Automotive Engineer

Linking ECUs that controlled the engine, transmission and brakes so that realtime information could be transmitted was a big challenge for engineers in the early 1980s as they looked to boost vehicle performance and safety. The standard technology of the time, universal asynchronous receiver/transmitters, didn’t support the complex task of multidomain communications. So in 1983 Robert Bosch started a programme to develop a communications protocol that could link multiple domains in real time.

The process began with a three-month series of courses in information engineering led by university professors and attended by a chosen few engineers at the Tier One supplier. Among those engineers was Uwe Kiencke, who headed the department developing the system.

Kiencke’s team was small. There were seven other engineers on the project: Wolfgang Borst, Wolfgang Botzenhard, Siegfried Dias, Otto Karl, Martin Litschel, Helmut Schelling and Jan Unruh. Every six months they reported their results to their superiors, so decisions could be made quickly. In 1985 Intel was invited to take part in the project. In the eyes of Kiencke and his colleagues, that company was the inventor of the microprocessor, and therefore had to be involved. 

Intel wanted assurances that the technology was suitable for the automotive sector and that demand for it would be strong enough. It asked Professor Lawrence from the Fachhochschule Wolfenbüttel engineering school in Germany to assess the system. Lawrence’s report was positive, and he even contributed the protocol’s name, Controller Area Network (CAN).

In 1985 Bosch and Intel began developing the required silicon chips. Two years later the first microprocessors for use in the CAN communication protocol became available. But challenges had to be overcome. Kiencke said later: “Engineers took the average message traffic, and introduced a so-called reserve factor, by which they multiplied message traffic. Calculating transfer rates from this can not guarantee message transmission within a given time under peak load. It is not the average latency time, but the maximum latency time for a subset of high-priority messages, which determines the transfer rate on the physical layer.” It was a steep learning curve.

Kiencke and his colleagues presented papers at various conferences. This was a key step in bringing European carmakers to accept the technology and in helping to open negotiations with US manufacturers. 

Protracted discussions were held with the International Organization for Standardization, but no ISO standard was agreed upon.

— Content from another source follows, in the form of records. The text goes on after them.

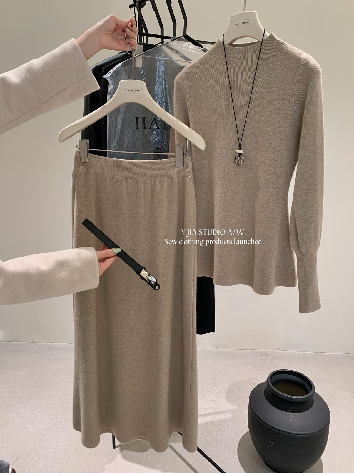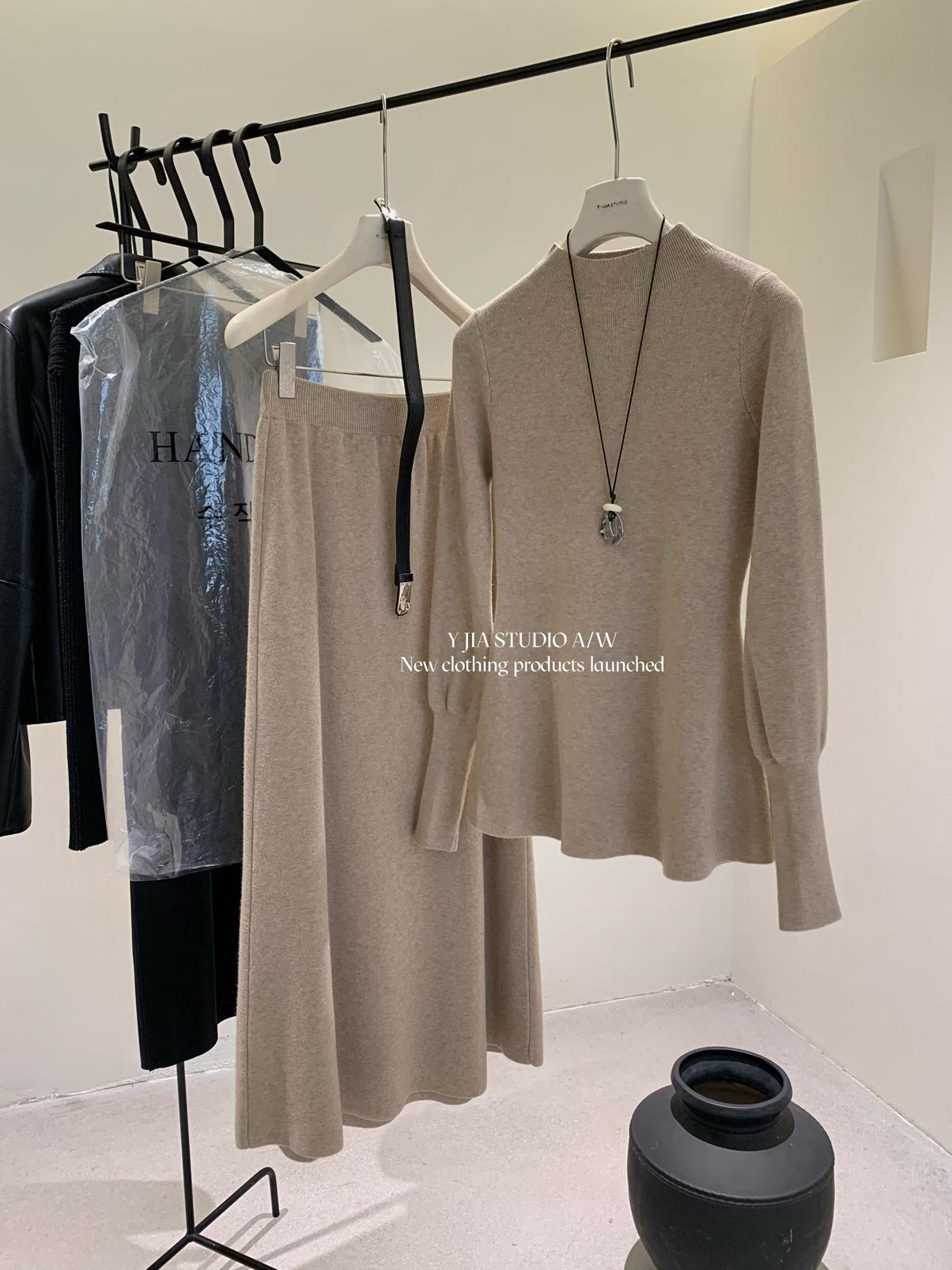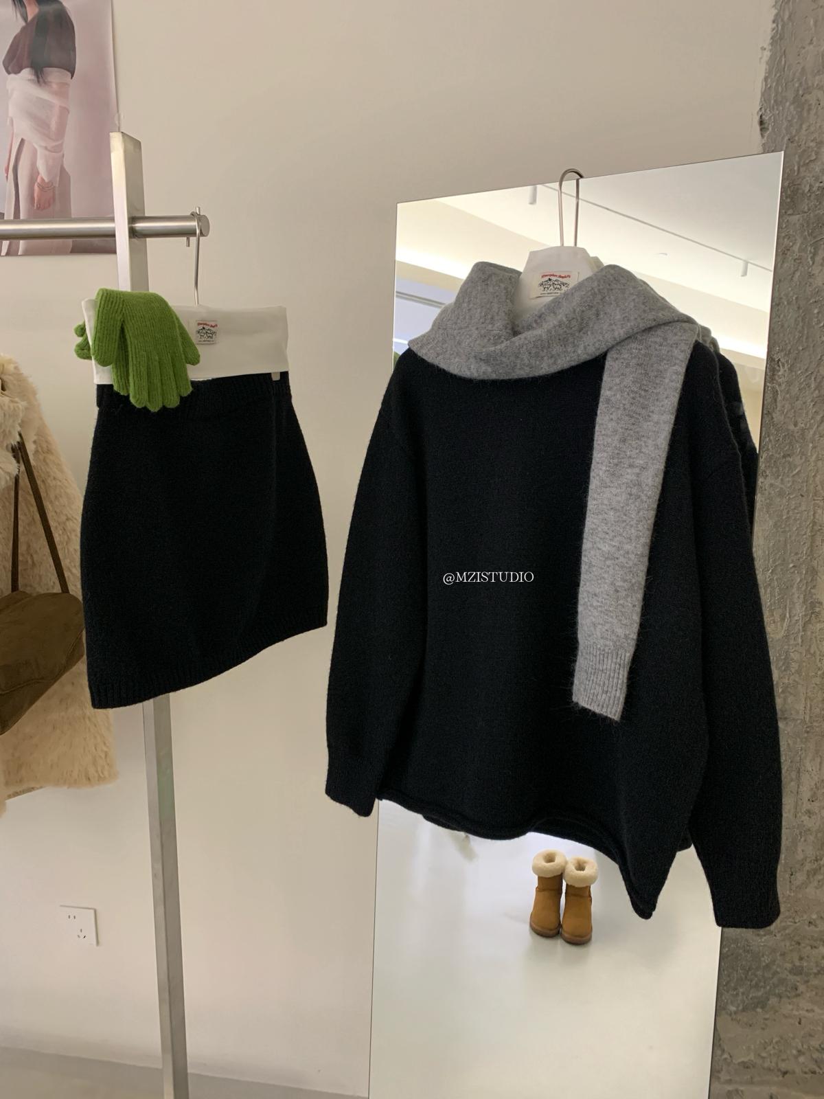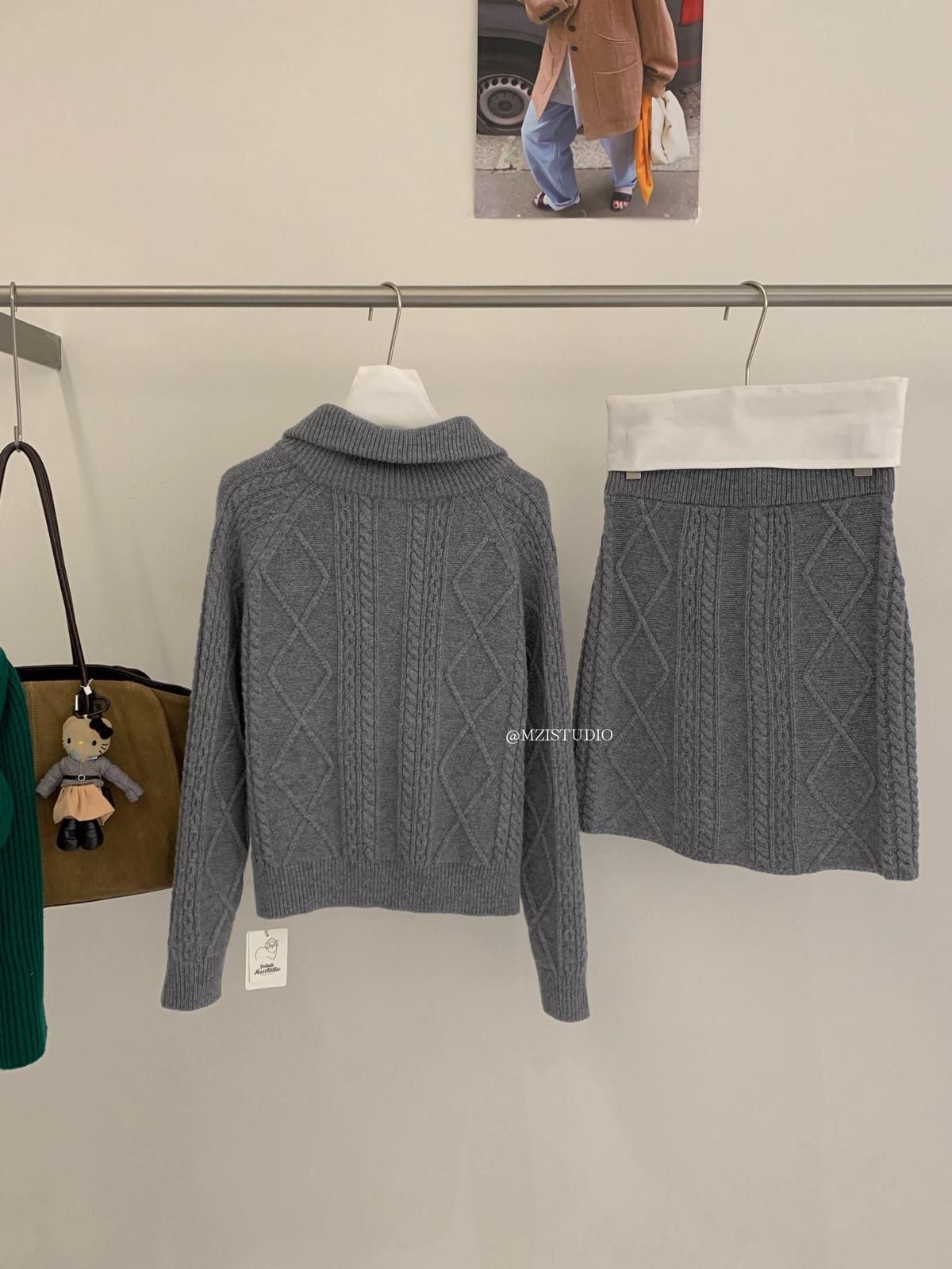 【C8219】高級感立領翻領棒針毛針織衫毛衣+高腰包臀半身裙套裝
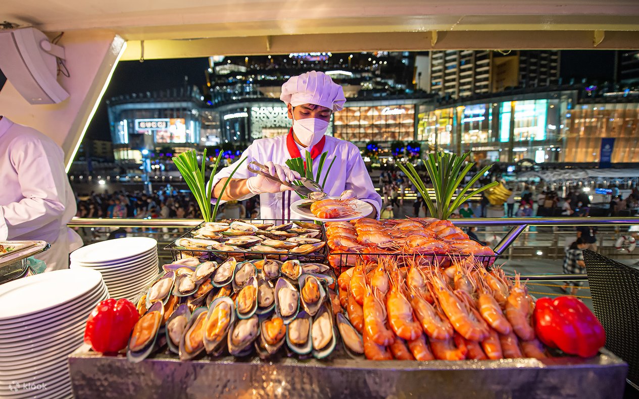 體驗遊船上最好的海鮮自助餐和國際自助美食,讓你讚不絕口
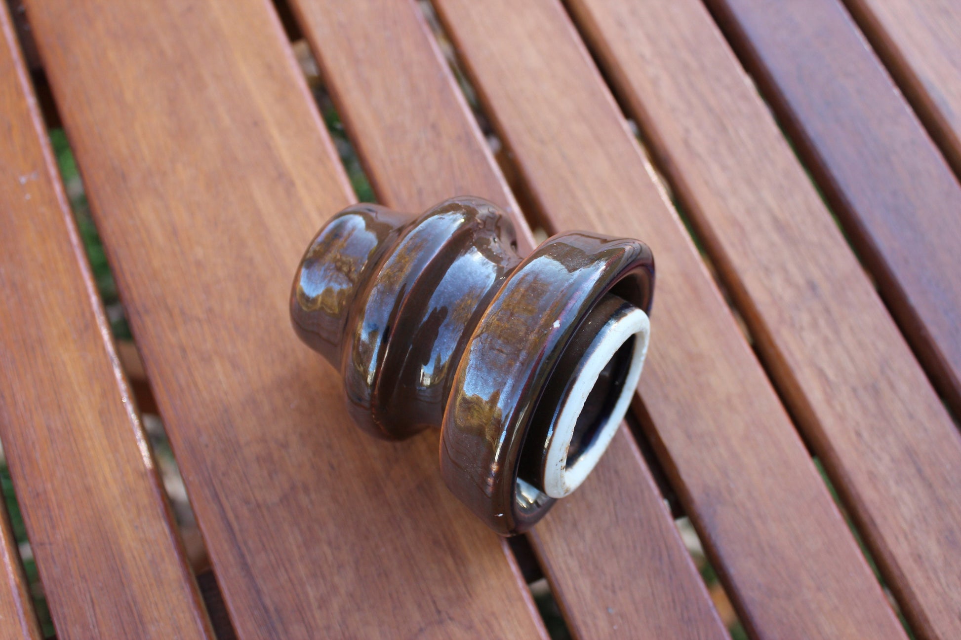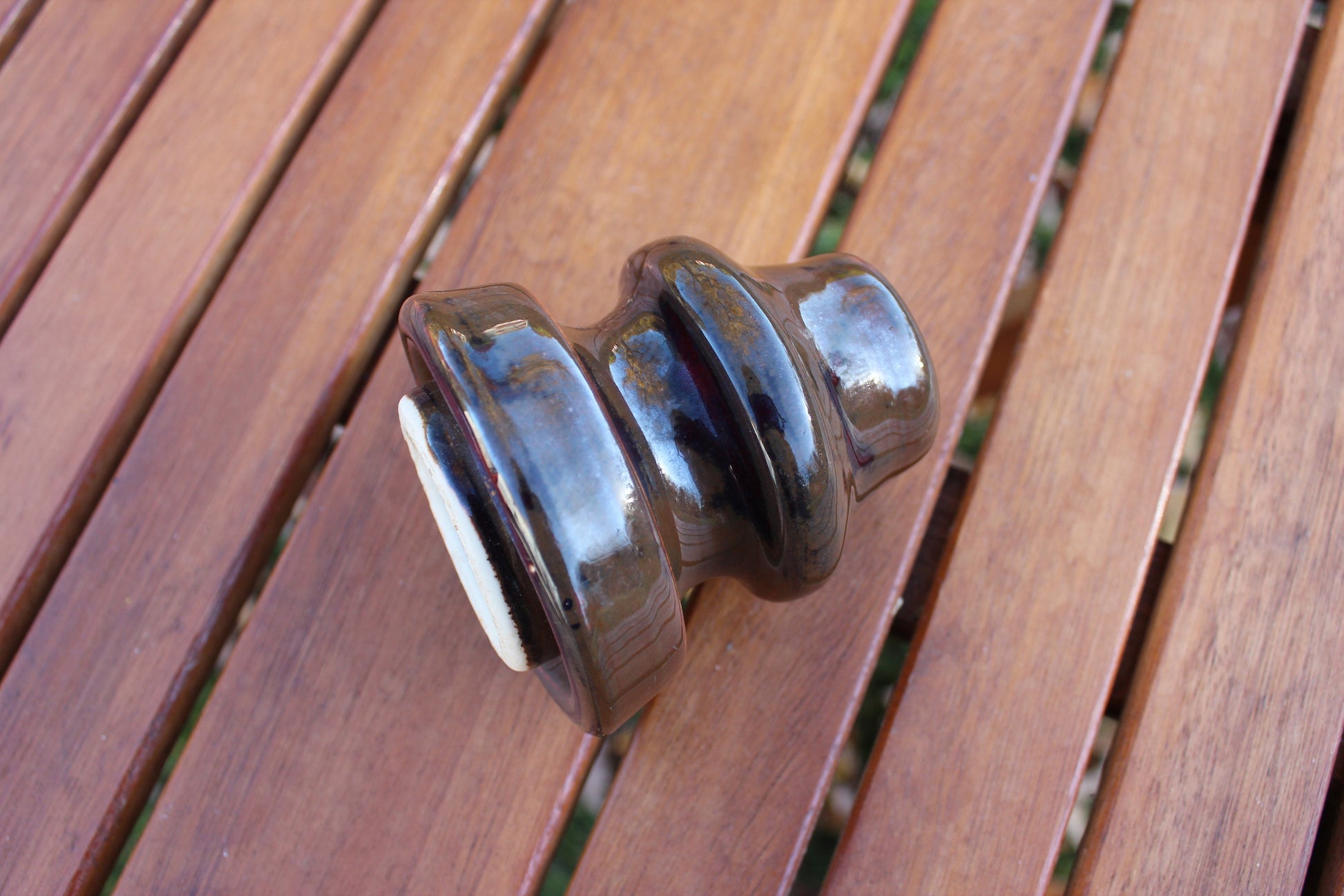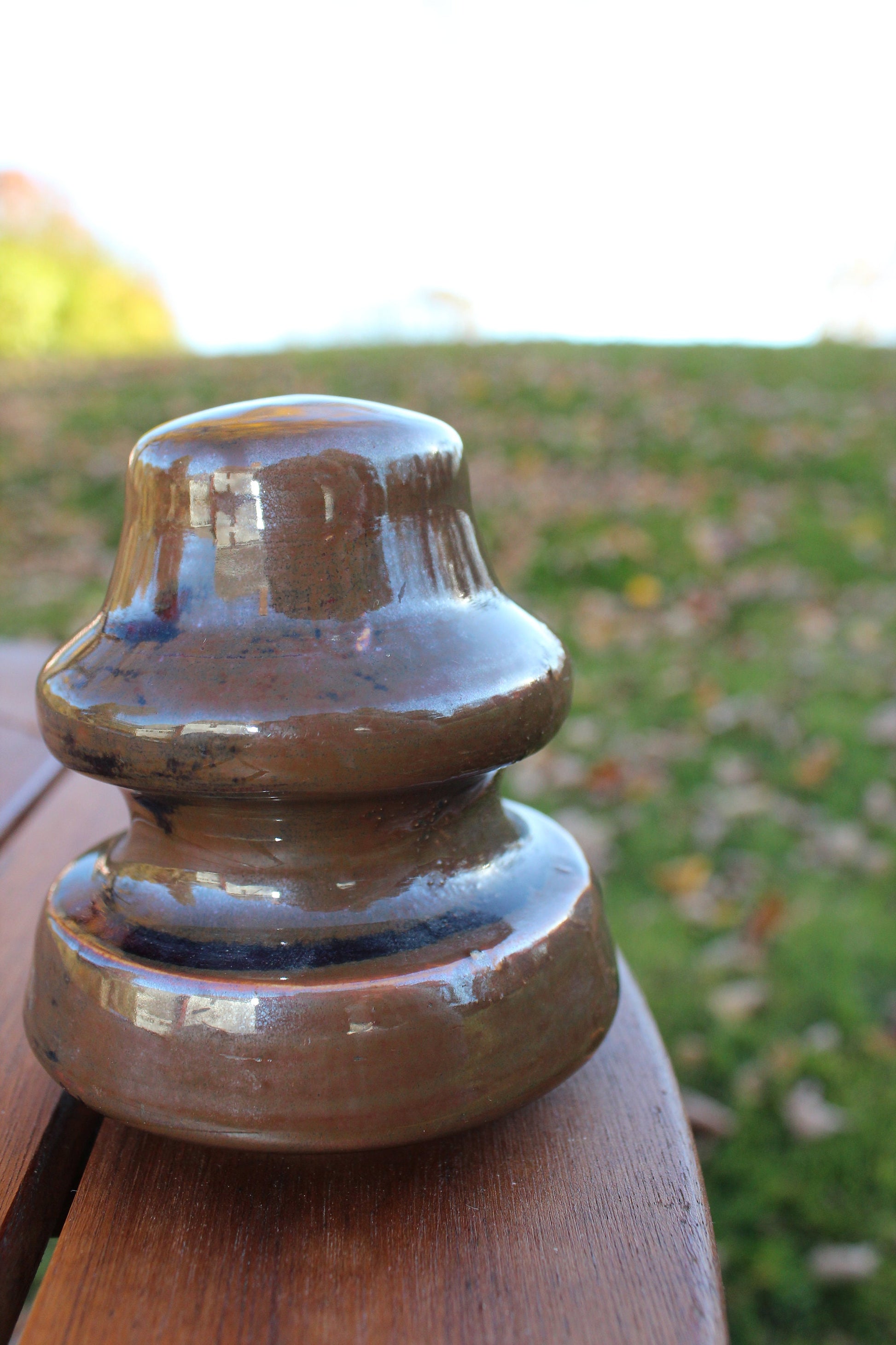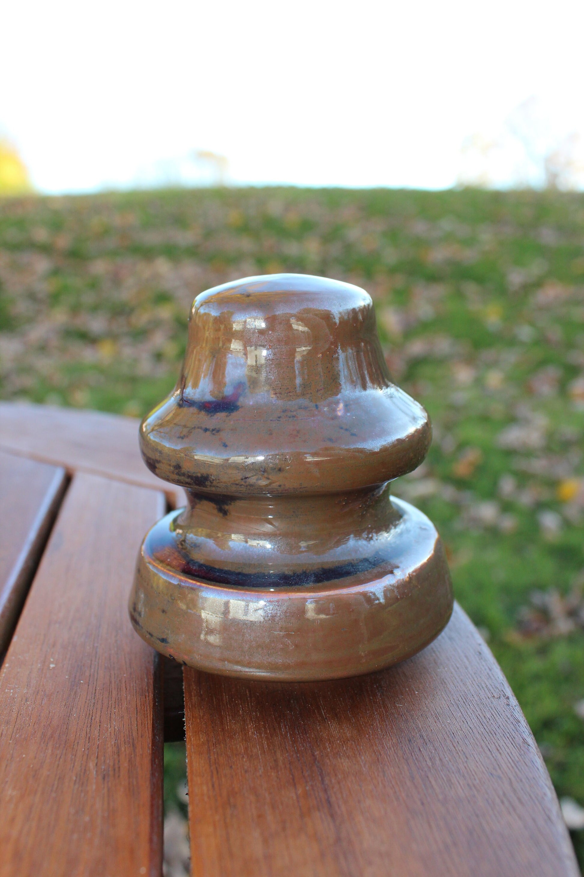 The decorative possibilities for these pieces are many. The collector will appreciate these because of its design and age. The glazed brown tones of the insulator are beautiful. It would make an excellent paper weight

Kiencke said: “As competing communication protocols profited from the frank discussion with ISO, the penetration of CAN into applications was rather discouraged than enhanced. Classical standardisation seems to have lost its role as a driver of technological innovation.”

The setback didn’t stop the development of the system. In 1991 Kiencke’s work was fulfilled when the first CAN network was installed in the Mercedes-Benz S-Class. It linked five ECUs with a data transfer rate of 500Kbit/s.

Kiencke was proud of his work: “CAN has entered applications in distributed automation systems and automotive electronics,” he said. “CAN contains new approaches which optimise performance and support the control of safety-relevant systems. With more and more silicon implementations available, CAN will help to reconfigure the architecture of future automation systems,” he said.  

Today CAN remains the backbone of most vehicles’ electric/electronic architectures. Without it, safety systems wouldn’t function.